- **What you are asked to do**
Nothing outside the range is to be copied. From the entries below, reproduce exactly the lines starting at the one with "学生代表 夭怡说:同住一座城" and ending at the one with "With a TPE gasket", without pictures.

- **Data supplied**
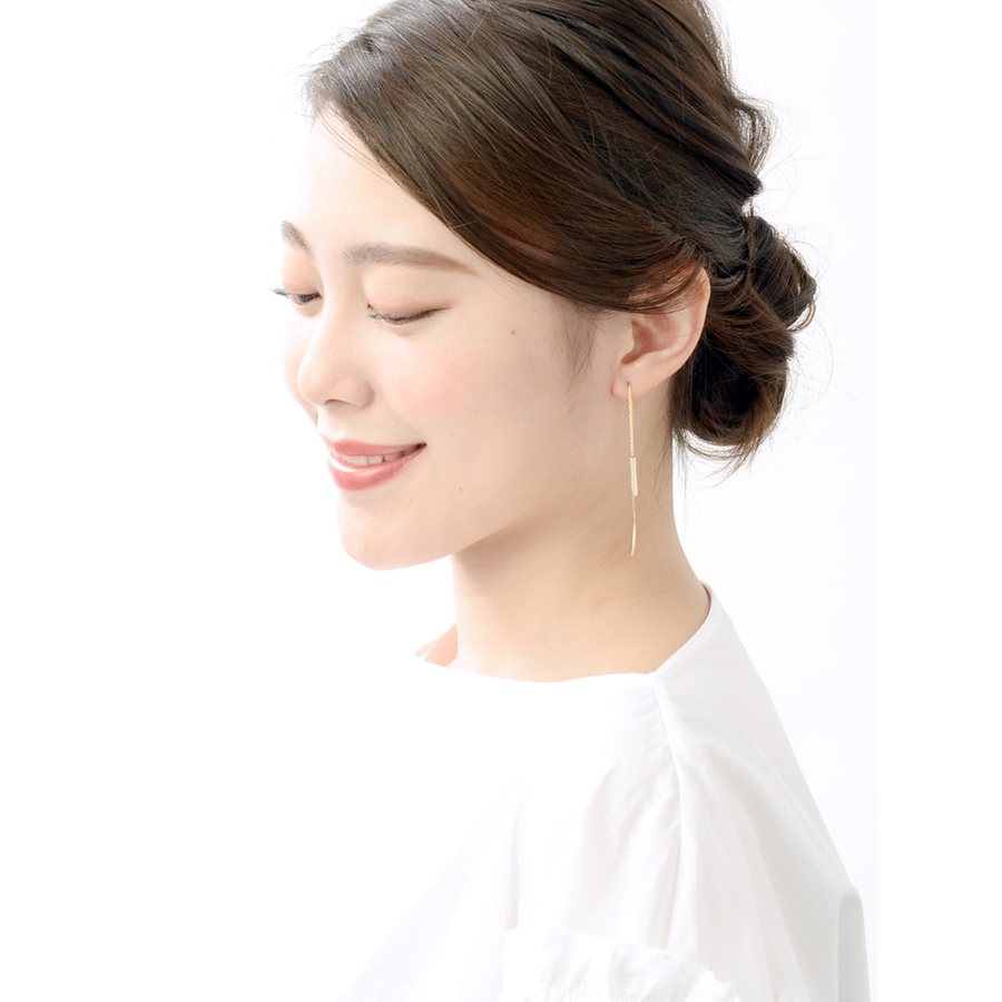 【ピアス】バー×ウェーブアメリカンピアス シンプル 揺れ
---
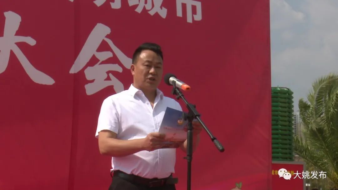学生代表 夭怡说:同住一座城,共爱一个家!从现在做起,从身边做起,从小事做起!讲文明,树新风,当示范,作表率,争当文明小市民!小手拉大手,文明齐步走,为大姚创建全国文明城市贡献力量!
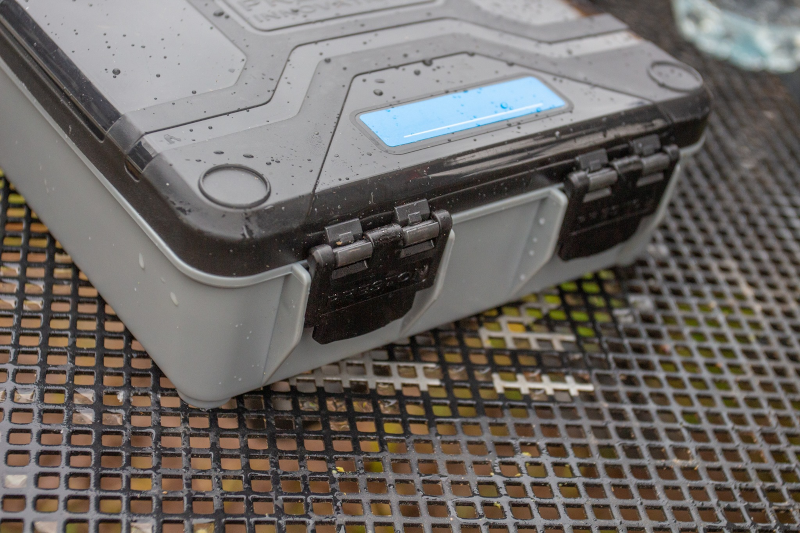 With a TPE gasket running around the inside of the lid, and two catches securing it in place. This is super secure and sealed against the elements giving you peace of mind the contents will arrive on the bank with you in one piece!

- **Exercise solution**
学生代表 夭怡说:同住一座城,共爱一个家!从现在做起,从身边做起,从小事做起!讲文明,树新风,当示范,作表率,争当文明小市民!小手拉大手,文明齐步走,为大姚创建全国文明城市贡献力量!
 With a TPE gasket running around the inside of the lid, and two catches securing it in place. This is super secure and sealed against the elements giving you peace of mind the contents will arrive on the bank with you in one piece!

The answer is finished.